Like so many I had a sad childhood which then turned to fear, shame, loneliness and depression in teenage and young adult years. A partner was found for me, I lacked the courage to ask her out. A short burst of happiness followed with the birth of a truly wonderful daughter who gives me the reason to carry on each day.

Sadly my wife comes with her own inventory of baggage and has suffered depression most of her life. Over our 20+ year marriage
I’ve tried to remain supportive but have done a pretty crap job, and after hitting a low point I started getting therapy. I’m told I’ve made
a lot of progress but I don’t feel it myself.

I’m exhausted, I feel so lost, trapped and alone. I have no friends, no life, and nothing but fear. I’m over the hill, accelerating down the other side with only a few years to go. My wife has sought help in the past but without success, and will not consider counseling or any form of assistance. She remains medicated, but it had an adverse reaction on me. I feel so bad for her and shame that I’m such a rubbish husband.

The therapist I’ve been seeing thinks I should leave and pursue my own path to happiness, but I think she underestimates how much that terrifies me. The fear of being even lonelier than I am now and losing my daughter, the one person that keeps me going, I just can’t cope with that. I still love my wife but our relationship has been poor for a couple of decades. We don’t talk honestly, and she is a bit harsh on me at times. I’m not saying I don’t deserve it, and I understand I’m overly sensitive.

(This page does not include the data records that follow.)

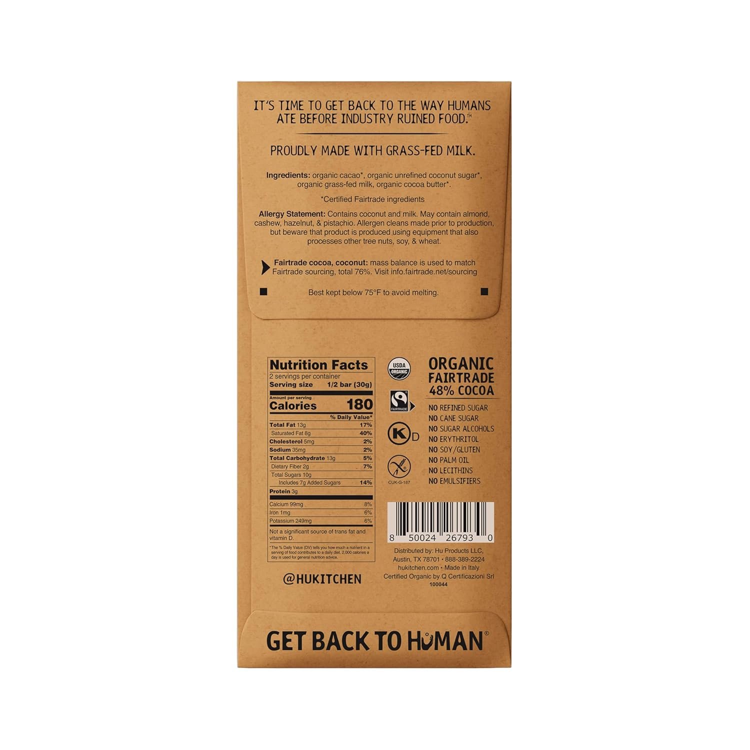 Hu was founded to unite simple ingredients with unbeatable taste. We couldn’t find a chocolate that met our standards, so we created our own. With no refined/cane sugar, no sugar alcohols, no soy/gluten, no palm oil, and no lecithins, indulge in chocolate that tastes just as good as it makes you feel. Go ahead, get back to Human.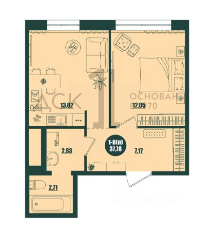 Продаётся 1-комнатная квартира в строящемся доме (Дом 4.2), срок сдачи: I-кв. 2026, общей площадью 37.78 кв.м., на 6 этаже. Новый жилой комплекс "Крылов" от застройщика "ДСК-1" расположен по адресу: г. Сургут, улица Крылова.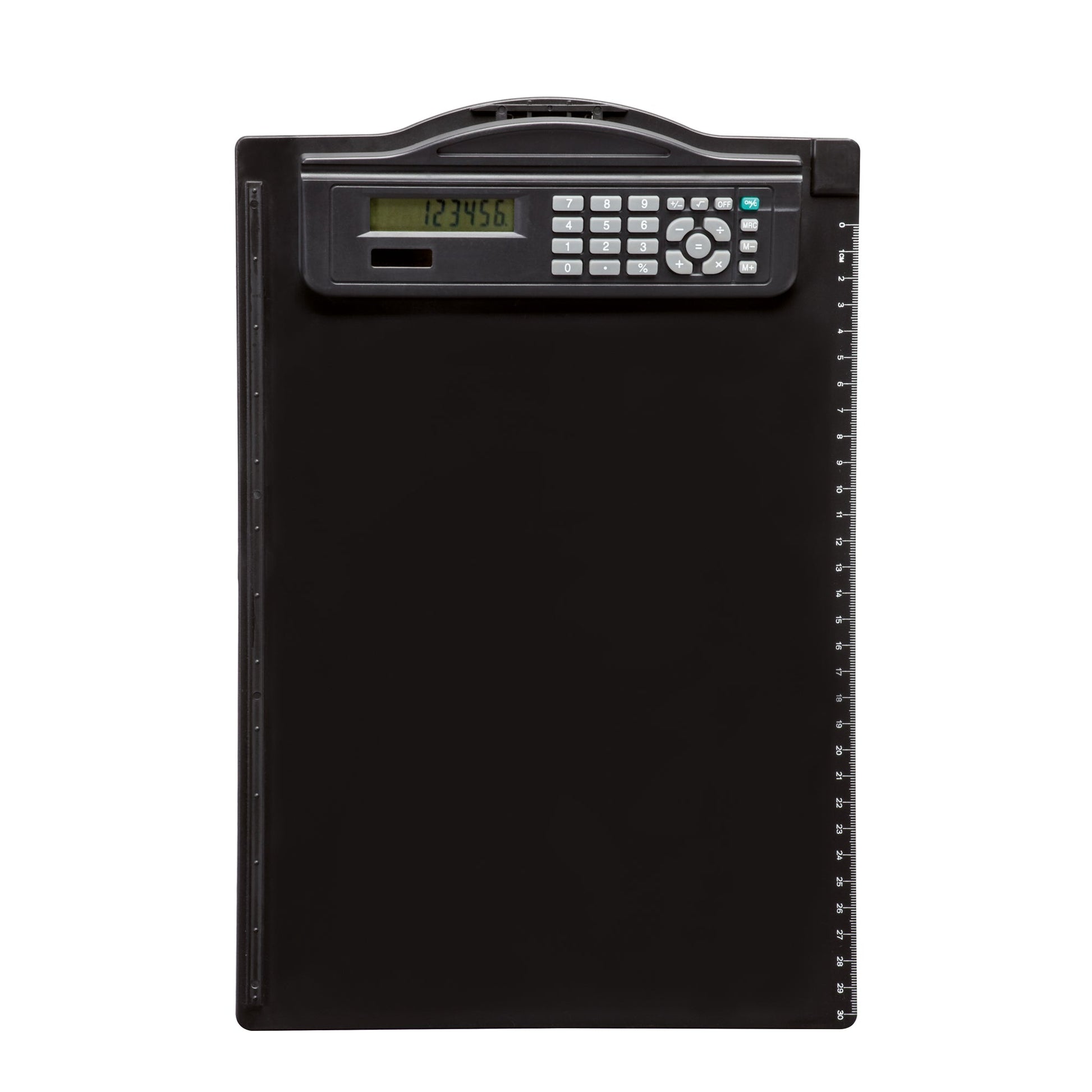 schwarzMit integriertem Solar-Rechner. Maße oder Mengen aufnehmen und berechnen, Rechnungsbeträge ermitteln oder Aufgaben im Unterricht lösen. Ideal für die Baustelle, für Handwerker, im Unterricht, Lager oder bei der Inventur. Papieranschlag links, cm-Maß an der rechten Seite (30 cm). Breiter Klemmer mit kräftigen Metallfedern. Leistungsstarke Rechner-Funktionen: Dual-Power, 4 Grundrechenarten, 8- stelliges Display, Speicher, %-Taste, Quadrierfunktion.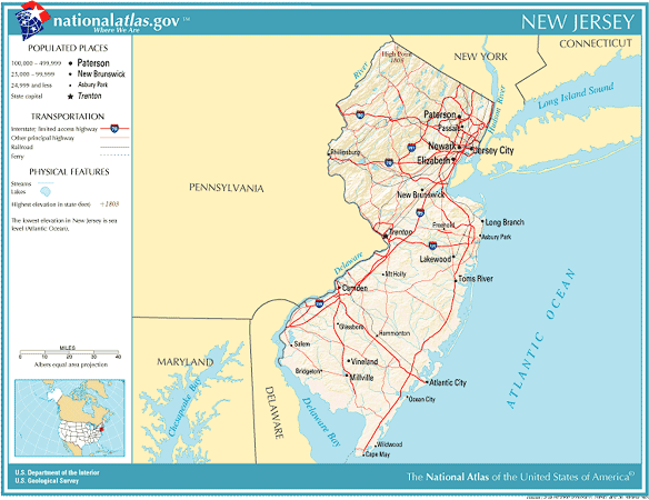 アメリカ合衆国:ニュージャージー州と周辺の州の地図 - 旅行のとも、ZenTech。

My therapist says that I have qualities that women are looking for, but I am very skeptical. I am paying her to make me feel better
after all. She also underestimates how truly bad I am around women. I have suffered social anxiety since I was young, panic attacks and a morbid fear of women. I literally cannot talk to a woman I like, it is hard enough for me to breath in her presence. I dread to think what they must think of me, my deep breathing is not rudeness it’s an inability to obtain oxygen. Pretty poor prospects really.

I’m lost, can I help my wife? Can I help me? Can I help us or is it really too late? How do you tell?

Thanks for reading, be well everyone.

312 Replies 312

Thank you Mary,

I did chuckle at the last part about learning to talk to a Psych, yes that is an acquired talent I need. I can certainly related to it though. The amount of times I've come out, sat in the car/bus/train and gone "huh?". I know I'm not the fastest car in the lot, but I so wonder about people most of the time. Ok, I do know. I didn't have a childhood or teenage years and missed the normal grounding in interpersonal skills. I am trying to stop blaming myself for everything that went wrong in my life, most of it was not of my own doing. I wish I could scream and release it (I can't I failed screen therapy ... you should have seen the Psych, he was very disappointed).

I wander don't I :-(.

Yes indeed you are right, I feel for people very acutely, empathize with everyone's pain and take it on. I'm a chronic fixer and saver of all creatures great, small and smelly. It is one thing I can do that brings me happiness.

Thank you for your excellent council. I'll park the comments about age since you are wiser but I feel older.

I googled for a can of courage, and struck out. But I'll try. I googled Men's Shed and had much more success.

Really sincerely, thank you.

(Yes, I so relate to the poem. I've printed it out and put in my day book).

Hello Mouse

I think I may well not be alive had I stayed with ex. To leave was not an optional action. I had to leave to survive. Not that he physically hurt me, just emotionally and psychologically. He certainly knew which buttons to press, and still does. We meet at family gatherings and I avoid him as much as possible but not to the extent that I miss out on the talk and laughter. He's a bit like a stone in the shoe, so I take the shoe off.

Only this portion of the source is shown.